# Archery Range behind the Ontario Science Center (ET Seton)



## JDoupe (Dec 9, 2006)

I thought the Pan Am games was going to hold the archery at Varsity Stadium.


----------



## Jenmak (Mar 24, 2015)

ah shoot, you are right. This link misled me. 

http://rudy.ca/2015-pan-am-games-archery-venue-at-e-t-seton-park.html

It was in the Toronto 2015 Pan Am Games Bid Book but they must have changed it since, bummer.


----------



## cc46 (Jan 22, 2005)

https://www.facebook.com/groups/setonarcheryfolk/
https://www.facebook.com/groups/TorontoArcheryClub/

yes a few of us here on AT visit this range and check out the fb groups above. 

I've shot there 1975-80ish and 2005-2014, haven't made it this year yet. I suspect the ground is still frozen, and this field has a reputation for being wet and mucky in the spring. Bring boots!

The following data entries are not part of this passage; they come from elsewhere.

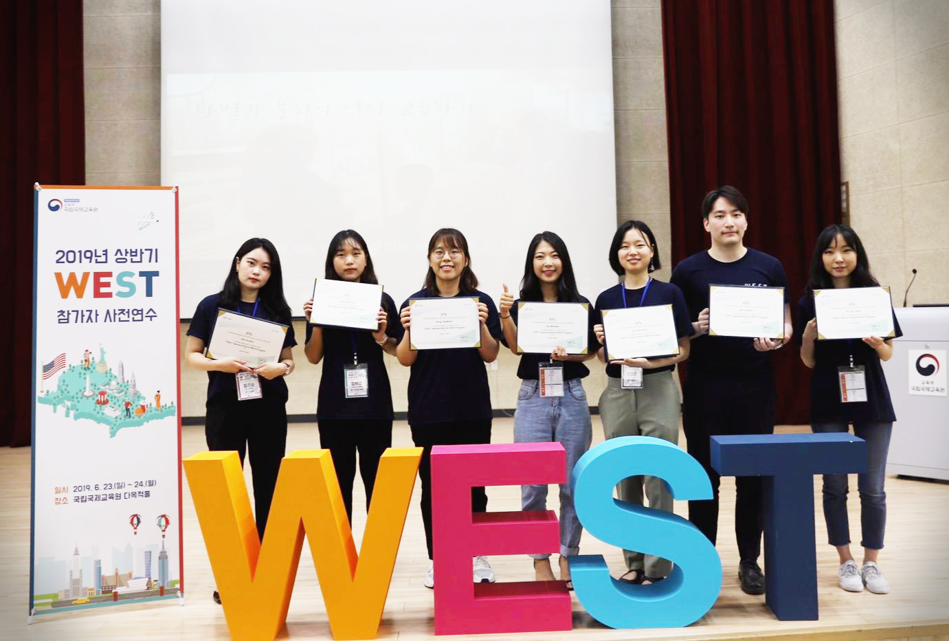 국립국제교육원에 WEST라고 적힌 남색 티셔츠를 입은 학생들로 가득한데요. '2019년 상반기 WEST 프로그램'에 합격한 '장기(18개월)', '중기(12개월)' 웨스티들이 오리엔테이션을 위해 한 곳에 모였기 때문입니다.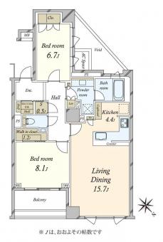 | 間取り | 2LDK | 専有面積 | 87.00m2(26.3坪) 壁芯 |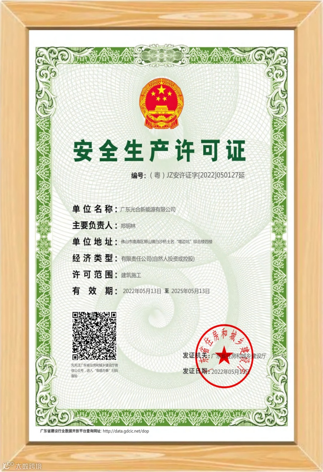 获得该证书说明光合能源严格遵循建筑工程安全生产监督管理,严格规范建筑施工企业安全生产条件,做好安全生产许可证的颁发和管理工作。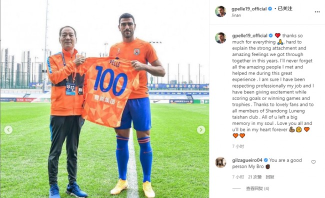 佩莱发文告别鲁能和球迷: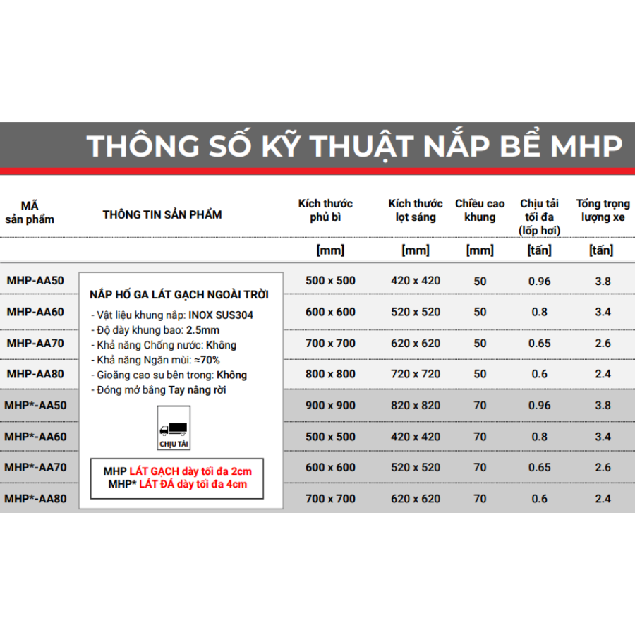 ✨Nắp hố ga Zavak MHP-AA60 KT60x60cm, lát đá dày 2cm, chịu tải xe 3.2 tấn, inox 304

Btw, what are the conditions of the butts?


----------



## Mr. RoC (Aug 6, 2013)

Jenmak said:


> My first time there on Tuesday, very impressed with the venue given that it's free.
> 
> Anyone else here go there regularly?
> 
> ...


It gets very busy on the weekends especially at the 20 yard range. Some interesting characters in the mix. 

I get there just as sun rises and shoot at the 100 yard butt. best time of the day, I have the place to myself and quiet till about 8am... One problem thou, rising sun is right in you eyes cause you're facing east. I'm there for about 3 hours.


----------



## Jenmak (Mar 24, 2015)

Hope to bump into you guys then!

cc46, most of the butts look to be in good shape, except the 30 yard ones which have been fully shot out in the middle 

Mr. Roc, mornings are nice, went a second time before work and it was really quite, only some joggers and frisbee players around.

The conditions in the afternoon was quite muddy, I wore boots, but when I went it the morning the ground was still frozen so actually felt nicer.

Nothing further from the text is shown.